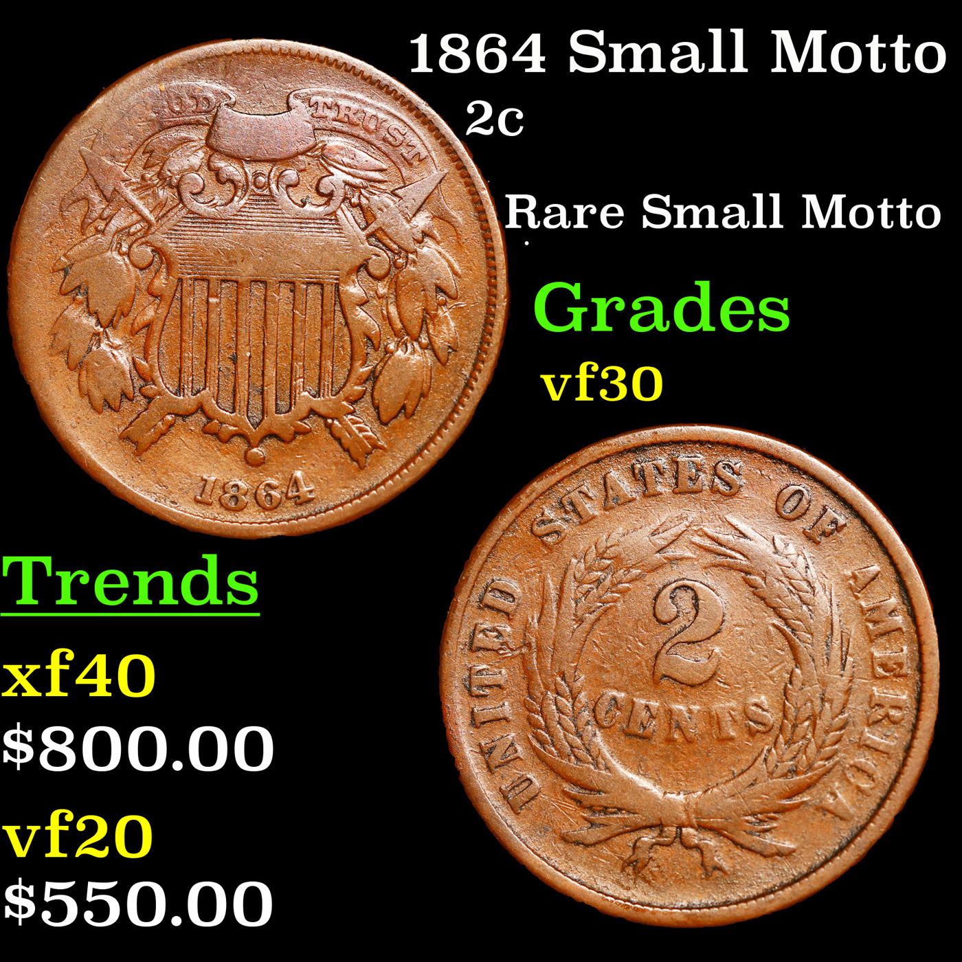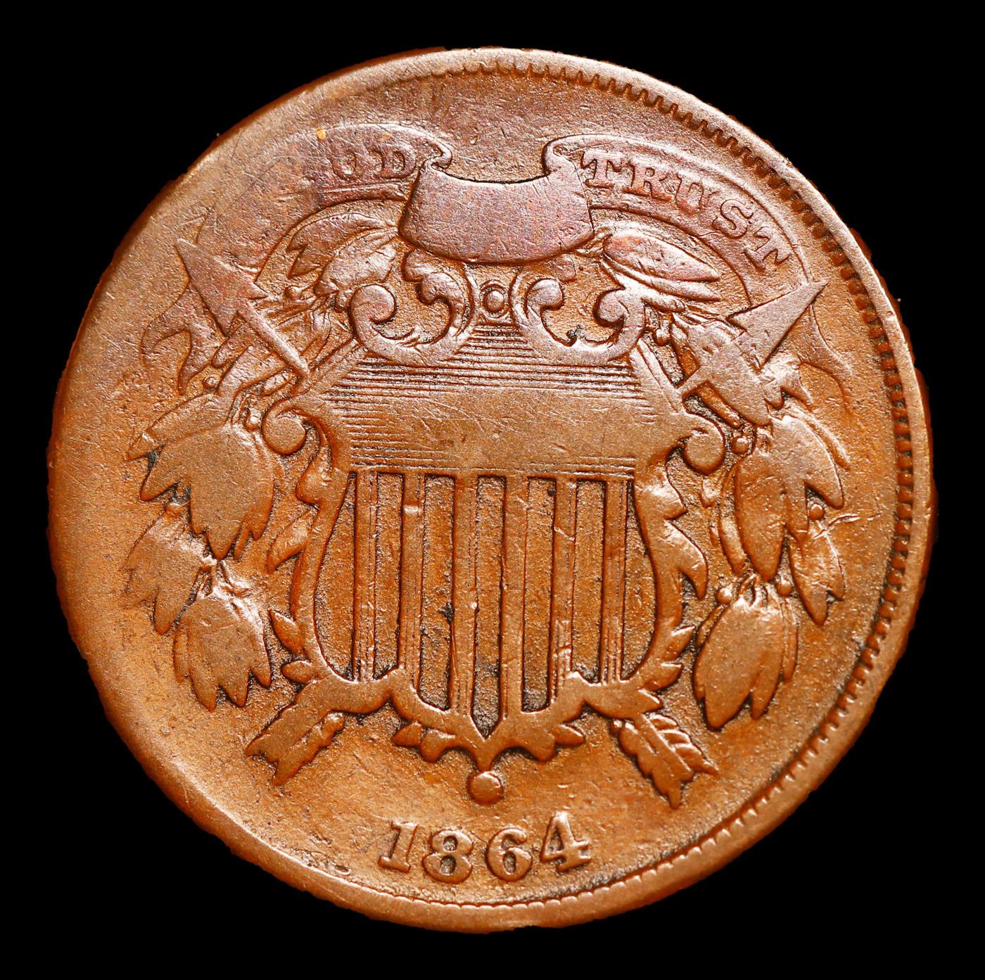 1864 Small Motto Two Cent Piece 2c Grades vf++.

====

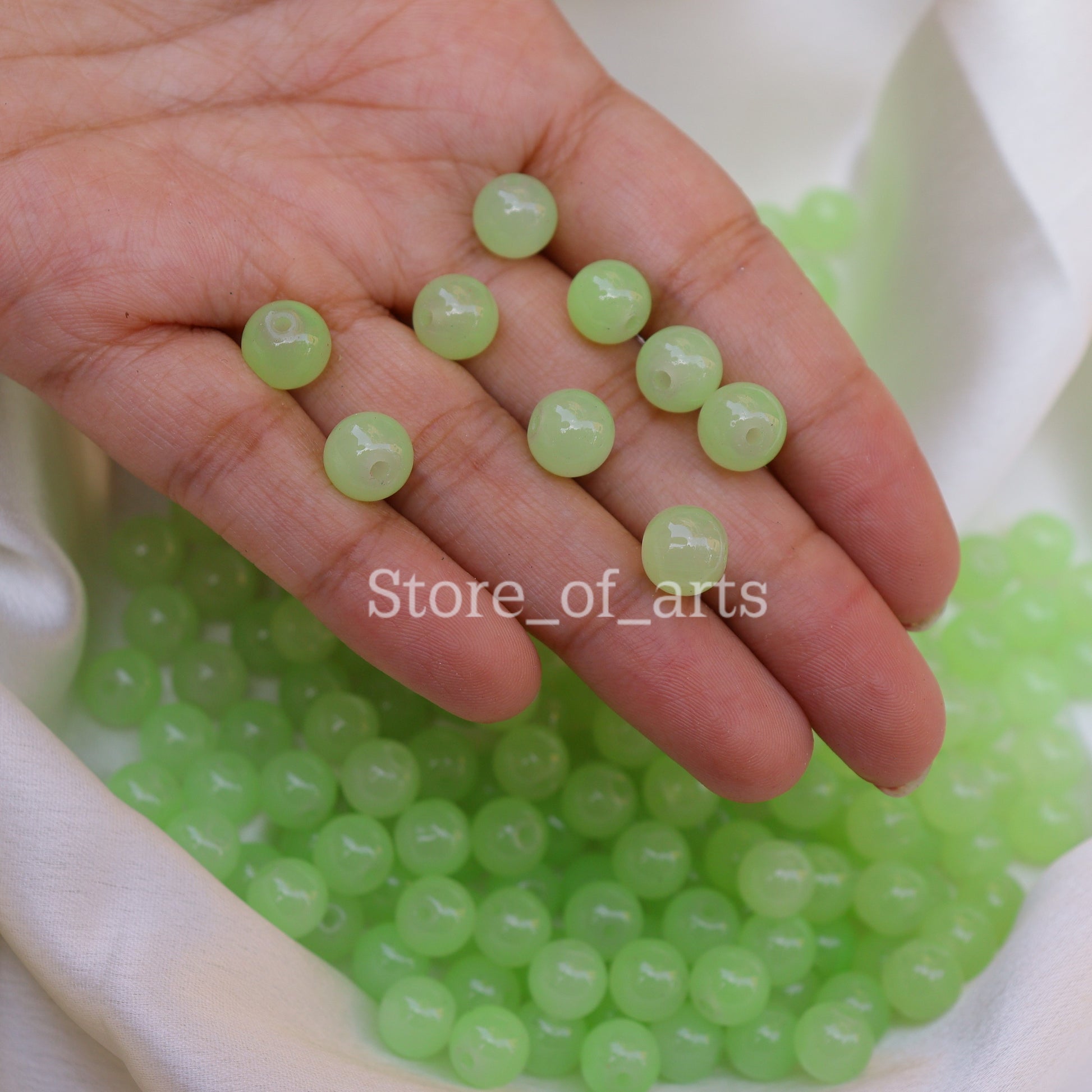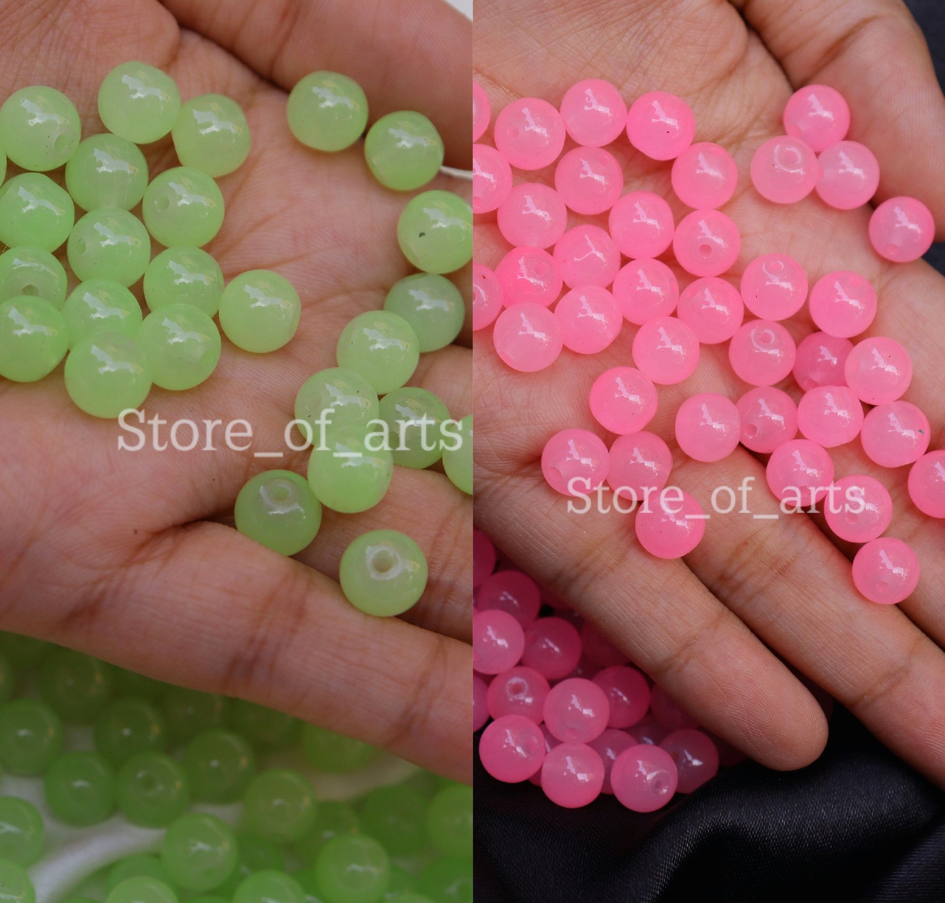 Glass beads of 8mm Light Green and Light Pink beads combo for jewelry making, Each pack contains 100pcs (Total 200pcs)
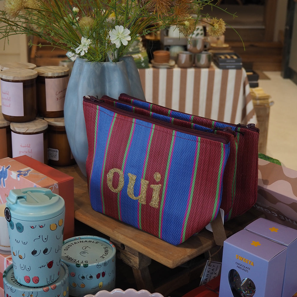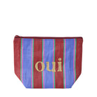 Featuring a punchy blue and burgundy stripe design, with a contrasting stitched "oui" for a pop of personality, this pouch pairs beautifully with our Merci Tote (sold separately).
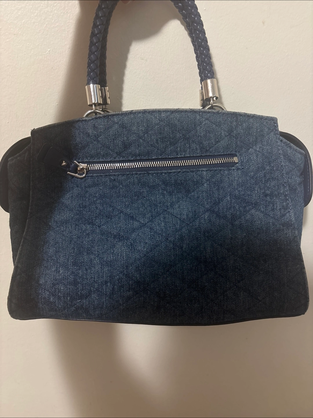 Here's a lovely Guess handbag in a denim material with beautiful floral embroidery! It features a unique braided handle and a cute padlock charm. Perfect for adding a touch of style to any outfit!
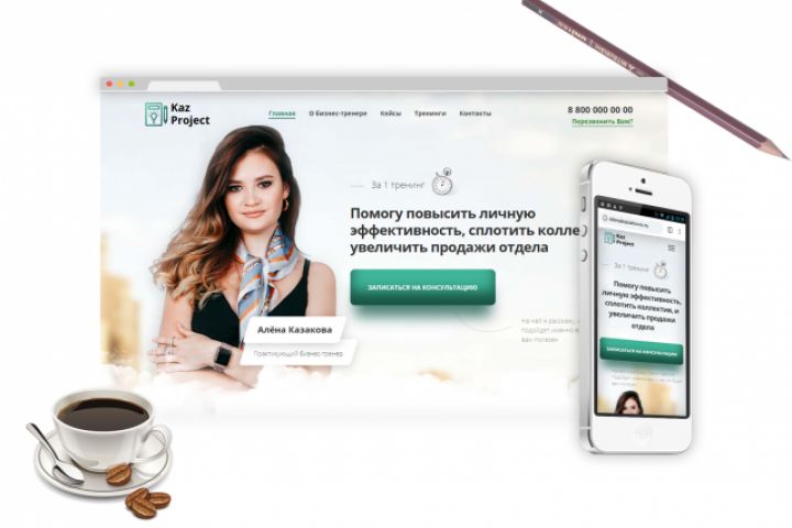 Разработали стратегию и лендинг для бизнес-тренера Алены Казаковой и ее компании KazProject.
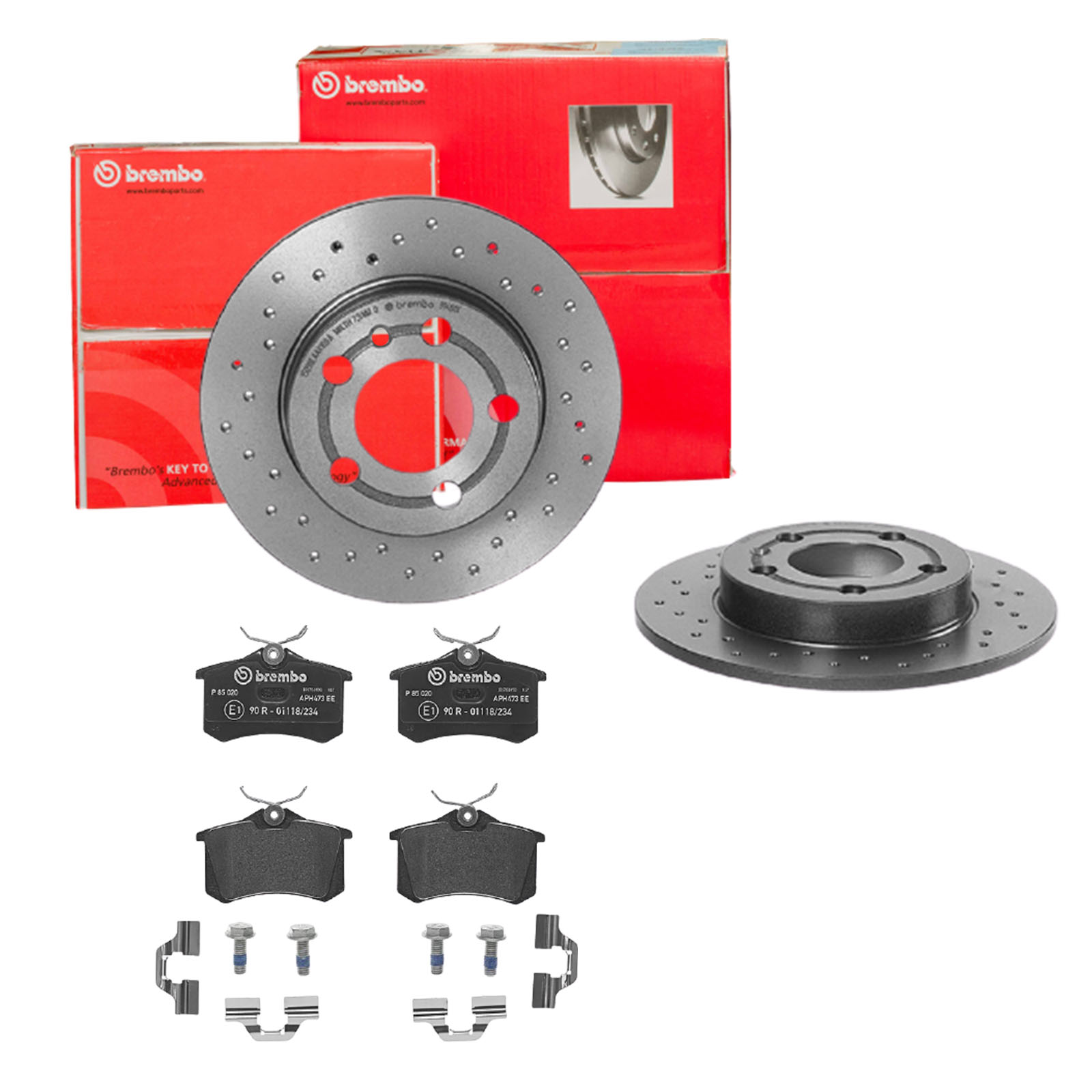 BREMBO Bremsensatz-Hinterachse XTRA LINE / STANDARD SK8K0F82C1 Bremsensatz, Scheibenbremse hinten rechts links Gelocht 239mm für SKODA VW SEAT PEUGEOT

====

ACTIVITY >> Without the pictures, set down the lines above from the line with "Glass beads of" up to and including the line with "BREMBO Bremsensatz-Hinterachse XTRA" exactly as they stand.

RESULT >>
 Glass beads of 8mm Light Green and Light Pink beads combo for jewelry making, Each pack contains 100pcs (Total 200pcs)
 Featuring a punchy blue and burgundy stripe design, with a contrasting stitched "oui" for a pop of personality, this pouch pairs beautifully with our Merci Tote (sold separately).
 Here's a lovely Guess handbag in a denim material with beautiful floral embroidery! It features a unique braided handle and a cute padlock charm. Perfect for adding a touch of style to any outfit!
 Разработали стратегию и лендинг для бизнес-тренера Алены Казаковой и ее компании KazProject.
 BREMBO Bremsensatz-Hinterachse XTRA LINE / STANDARD SK8K0F82C1 Bremsensatz, Scheibenbremse hinten rechts links Gelocht 239mm für SKODA VW SEAT PEUGEOT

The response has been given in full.